Un sol frais et une ombre légère aux heures chaudes
Les cœurs de Marie vont bien sur des sols au pH neutre ou acide. Une bonne terre de jardin, riche en humus, sera parfaite. Mais il faut surtout un endroit ombragé, par exemple sous la ramure d’un arbre caduc, à la fois pour garder le sol assez frais en plein été, mais aussi pour protéger le feuillage des rayons directs d’un soleil qui serait trop chaud. C’est très important les premières années. Par ombre légère, on entend le soleil filtré par les feuilles d’un robinier, d’un frêne ou même d’un chêne aux heures les plus chaudes de la journée à partir de mai. Le soleil du matin peut convenir car il n’est pas trop dur. Sans une ombre protectrice, la plante peut souffrir et sécher sur place. En revanche, il peut arriver qu’elle entre en dormance prématurément, c’est-à-dire dès le courant de l’été. Ne vous inquiétez pas, elle peut repartir au printemps suivant sans dommage. Néanmoins, la bonne précaution à prendre est de garder au sol toute l’année un bon paillis de feuilles.

Une menace à surveiller de très près
Les D. spectabilis sont assez précoces. Dès le mois de mars, des jeunes pousses surgissent. Or, dans un bon nombre de régions, on peut encore craindre des gelées mordantes qui viendraient anéantir le réveil de la plante. Là encore, si vous avez un paillis de feuilles, il devrait suffire à les protéger. Le danger est moins fort dans les régions froides où le réveil naturel a lieu plus tard que dans les régions au climat intermédiaire (par exemple le grand sud-ouest) où des violents coups de froid tardifs causent de mauvaises surprises. En revanche, et c’est un sérieux atout, les cœurs de Marie ne sont pas convoitées par les limaces. Elles sont même délaissées par les gastéropodes comme le sont les giroflées, les jeunes pousses de pivoines, les bleuets. Mais à côté des cœurs de Marie, il y a souvent des heuchères, des tiarellas, des hostas, des pigamons, des brunneras et autres plantes qui elles sont la cible des limaces. Il est donc utile de rester vigilant.

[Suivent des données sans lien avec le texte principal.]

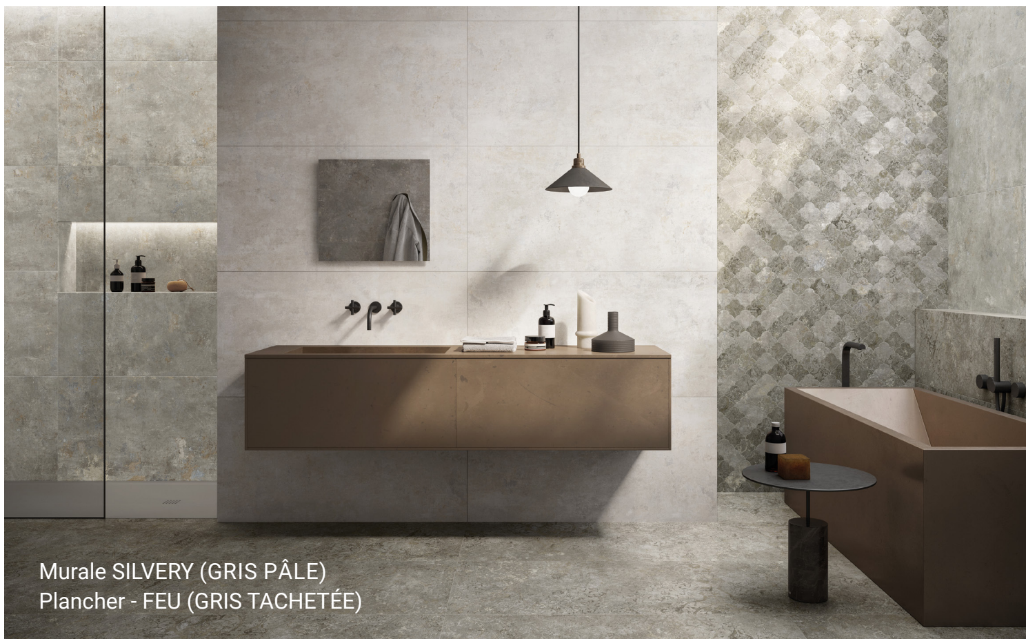
Murale SILVERY (GRIS PÂLE) Plancher - FEU (GRIS TACHETÉE)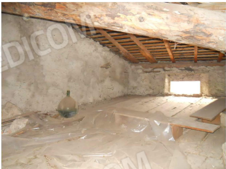
8 – Sottotetto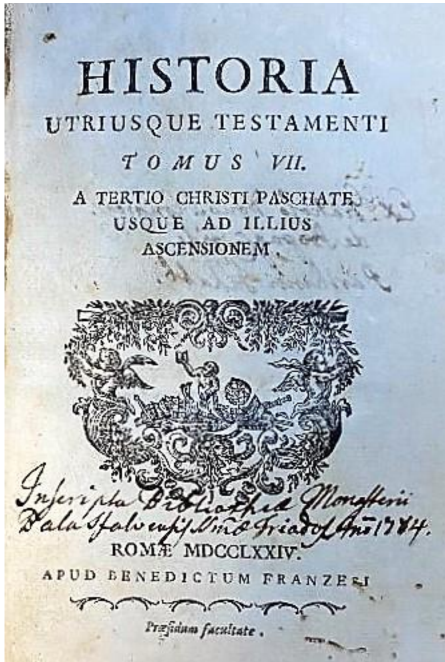
Fig. 2 - Foaia de titlu a lucrării Historia utriusque testamenti , vol. VII-VIII, Roma, 1774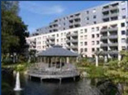
6 Servicebüros Wohnanlagen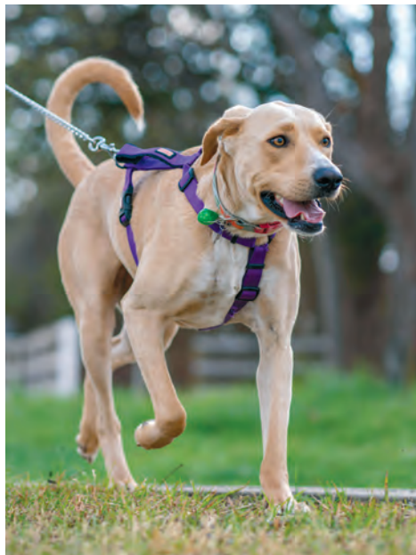
Lemmiklooma heaolu eest vastutab omanik

JOEL VILLEM | haljastuse ja heakorra peaspetsialist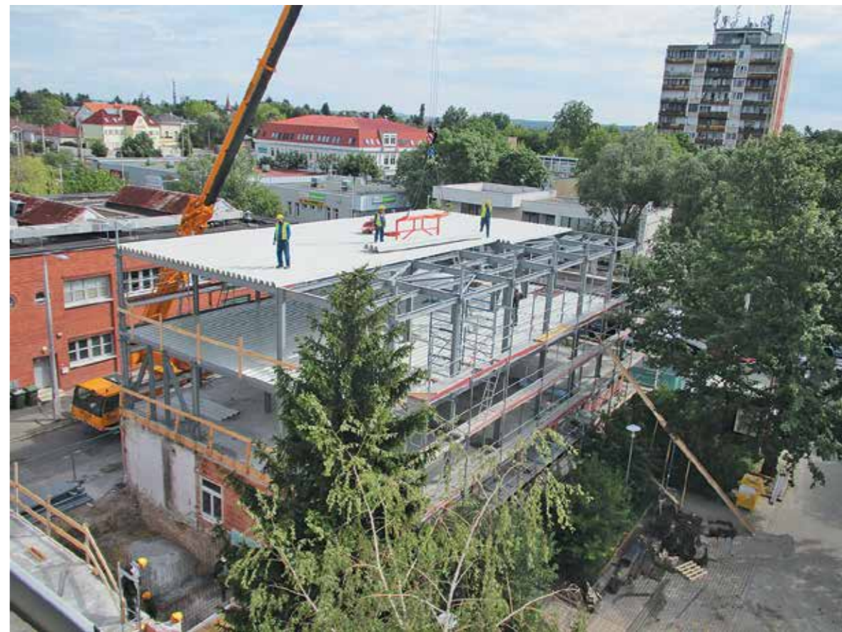
Az M2 épületszárny első és második szintjének szerelése a szakrendelő felől fényképezve

lépcsőház felől lesz megközelíthető a gyógytorna, ami igencsak terebélyesedik: három gyógytornász terem is létesül, egy az M1 részen, kettő pedig a földszinti sebészet korábbi helyén. Emellé települ a korábban a bejáratnál lévő gyógyászati segédeszköz bolt, mellé kerül a recepció (magyarán a betegirányítás). A büfé a bejárat másik felére, a recepció mellé kerül, a túldoldali részt pedig teljesen elfoglalja a gastroenterológia (jelenleg itt működik a kardiológia).

Il ne faut surtout pas les déranger
Rustiques, solides, résistantes aux maladies, les Dicentra ne demandent pas de soins particuliers. Elles demandent juste un peu de patience car il faut compter quelques années (environ 5 ans) pour qu’un sujet puisse prendre sa taille adulte. Alors évidemment, il ne faut surtout pas les déranger durant tout ce temps, mais même par la suite. Les racines rhizomateuses sont fragiles.
Pour multiplier une dicentra, ne cherchez pas à diviser le pied. Optez toujours pour le bouturage d’une racine. Ce mode donne de bons résultats et ne perturbera pas la plante.

On l’arrose seulement la première année
C’est vrai, les Dicentra sont des vivaces de sous-bois clairs et frais. Pour autant, cela ne veut pas dire qu’au jardin vous devez lui assurer un arrosage régulier. Evidemment, la première année, surtout le premier été qui suit la plantation, vous devez assurer un arrosage hebdomadaire au pied du sujet. Cela permettra d’accompagner l’ancrage des racines en terre. Mais les années suivantes, c’est inutile. La plante, sur un bon sol humifère et paillé, n’a pas besoin qu’on l’arrose. Elle pourrait même souffrir de cet excès d’attention. Sur une terre lourde, c’est même souvent la cause de vraies difficultés, voire d’assèchement de la plante dont les racines se retrouvent noyées et donc incapables d’ingurgiter l’eau versée. En réalité on n’arrose pas les cœurs de Marie sauf en cas de sécheresse très prolongée.